That sounds like a good idea actually! I've not managed to get to a pound shop yet but I've been changing the cage up every week and the other two are happy, but Rick is still biting. I might see if I can get something like that, not sure if one will fit but will have a look. Thanks for the idea


----------



## Rekees (Dec 7, 2015)

Cardboard boxes. They're free and rats love them. I've had a couple rats that would sit in one for hours and chew it apart from the inside out. I like to make a box tower or maze which is good for taking up space in the middle of the cage and makes it a climbing toy in addition to a hide and chew toy.


----------



## Ratmadoo (Nov 19, 2016)

Lunchy said:


> That sounds like a good idea actually! I've not managed to get to a pound shop yet but I've been changing the cage up every week and the other two are happy, but Rick is still biting. I might see if I can get something like that, not sure if one will fit but will have a look. Thanks for the idea


I just remembered that poundshop is the place where I got some awesome hammocks for my rats, they are sold as 'table runners' and are £1, they are lovely tight fabric that won't catch on toes etc, and are massively long. I have 4 which I fold in half, cable tie the two halves together (to make a smaller length and double hammock) then a thick cable tie in each corner to hang. cable ties are in £ land too, they have been a god send.


----------



## Lunchy (Aug 28, 2017)

Ratmadoo said:


> I just remembered that poundshop is the place where I got some awesome hammocks for my rats, they are sold as 'table runners' and are £1, they are lovely tight fabric that won't catch on toes etc, and are massively long. I have 4 which I fold in half, cable tie the two halves together (to make a smaller length and double hammock) then a thick cable tie in each corner to hang. cable ties are in £ land too, they have been a god send.

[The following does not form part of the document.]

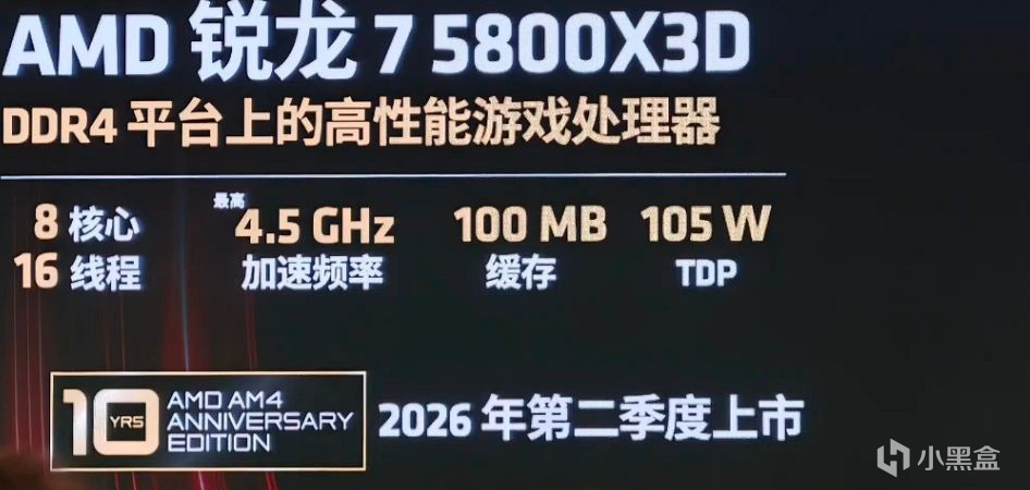爆料人 HXL 分享了一张疑似 AMD Ryzen 7 5800X3D“10 YRS AMD AM4 Anniversary Edition”(AMD AM4 十周年纪念版)的宣传图。 图片显示该处理器将于 2026 年第二季度发布,并列出了 8 核心 16 线程、最高睿频 4.5GHz、100MB 缓存和 105W TDP 等参数。这些参数与 AMD 官方发布的 Ryzen 7 5800X3D 产品规格相符。

Hadn't thought of table runners - I'm definitely going to the pound shop tomorrow after work so will keep an eye out for those too - thanks


----------



## Lunchy (Aug 28, 2017)

Just a random thing that I found that my rats seem to enjoy - they are 'storage trays' and I got them from a pound shop in the UK (can't remember which one). There's 4 in a pack for £1, they're not the sturdiest but they should last a while. I love this photo of Morty in it, it's as if he's waiting on it flying away! They use it mostly as a means of getting across the cage but times like this they do have a wee snooze in it


----------



## Ratmadoo (Nov 19, 2016)

Awww, so cute! <3 4 for a £1 is really good, I'll keep my eye out for those!! I keep looking for the stacking storage trays that I've seen people use on here but there's never any left, lol! 

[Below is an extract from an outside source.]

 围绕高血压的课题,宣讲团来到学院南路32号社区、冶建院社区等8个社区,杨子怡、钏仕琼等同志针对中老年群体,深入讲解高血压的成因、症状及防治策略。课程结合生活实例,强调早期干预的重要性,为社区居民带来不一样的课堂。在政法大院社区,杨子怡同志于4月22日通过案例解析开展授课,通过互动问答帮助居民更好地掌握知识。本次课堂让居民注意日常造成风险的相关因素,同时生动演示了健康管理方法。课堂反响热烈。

Love the coconut hide, where did you get that if you don't mind me asking? I found a small one like that at PAH but not big enough hole for my fatty ratties


----------



## Lunchy (Aug 28, 2017)

Ratmadoo said:


> Awww, so cute! <3 4 for a £1 is really good, I'll keep my eye out for those!! I keep looking for the stacking storage trays that I've seen people use on here but there's never any left, lol!
> 
> Love the coconut hide, where did you get that if you don't mind me asking? I found a small one like that at PAH but not big enough hole for my fatty ratties


I just remembered the shop I got them in, it's Poundworld! I'm going to go back and see if the have any more cool stuff 

The coconut is actually from PAH, lol! My two older boys have never fit in it but when we got our youngest he was able to fit and used it a couple of times, but now I think he's a bit too big too. It just gets thrown about these days


----------



## Ratmadoo (Nov 19, 2016)

Lunchy said:


> I just remembered the shop I got them in, it's Poundworld! I'm going to go back and see if the have any more cool stuff
> 
> The coconut is actually from PAH, lol! My two older boys have never fit in it but when we got our youngest he was able to fit and used it a couple of times, but now I think he's a bit too big too. It just gets thrown about these days



Lol  Mine would prob throw the coconut at each other, silly things, but I suppose stuffed with paper and treats, even a too small one they could stick their heads in and rummage  I wish there was larger ones available! I actually ordered a half coconut hide from the range once, stupid me, because what turned up was a tiny, tiny, coconut in half, with a door smaller than a robo hamster :0


----------



## Lunchy (Aug 28, 2017)

Ratmadoo said:


> Lol  Mine would prob throw the coconut at each other, silly things, but I suppose stuffed with paper and treats, even a too small one they could stick their heads in and rummage  I wish there was larger ones available! I actually ordered a half coconut hide from the range once, stupid me, because what turned up was a tiny, tiny, coconut in half, with a door smaller than a robo hamster :0


It just makes me sad the price of things that would fit rats at PAH, it's so expensive when you can just make your own little beds and hideaways for a couple of quid! Especially when my biggest rat Morty is just under 900g...  I did use to stuff the coconut but stopped but I think I'll start again. You've inspired me to do a Poundworld raid this evening


----------



## Ratmadoo (Nov 19, 2016)

Lunchy said:


> It just makes me sad the price of things that would fit rats at PAH, it's so expensive when you can just make your own little beds and hideaways for a couple of quid! Especially when my biggest rat Morty is just under 900g...  I did use to stuff the coconut but stopped but I think I'll start again. You've inspired me to do a Poundworld raid this evening



It's ridiculous the price of rat stuff at PAH :0 I'm the same, I make most of the stuff for my rats. I just made them each a weird hammock thing for Christmas, I got a couple of my partners old fleece jumpers, cut off the sleeves, folded the cut end over twice and hemmed it, then I threaded dowling bird perch through the sleeve to hang it, and for Reilly, my large rat (Eric Cartman in rat form) I hung the sleeve from a big rope. Hopefully they will use them to be all cosy, mine seem to hate cosy things, even throwing the fleece out of their boxes and sitting in empty nest, lol. Did you hit poundland yet?


----------



## Daisywonk (Aug 18, 2017)

I think part of the issue might be time out of cage. Usually it is good to give a rat at least one hour out of cage for time to exercise, cuddle with you, and explore. Of course it is good to have an interesting cage, but since that's not working more time out of the cage and with you would make their life more interesting, definitely.


----------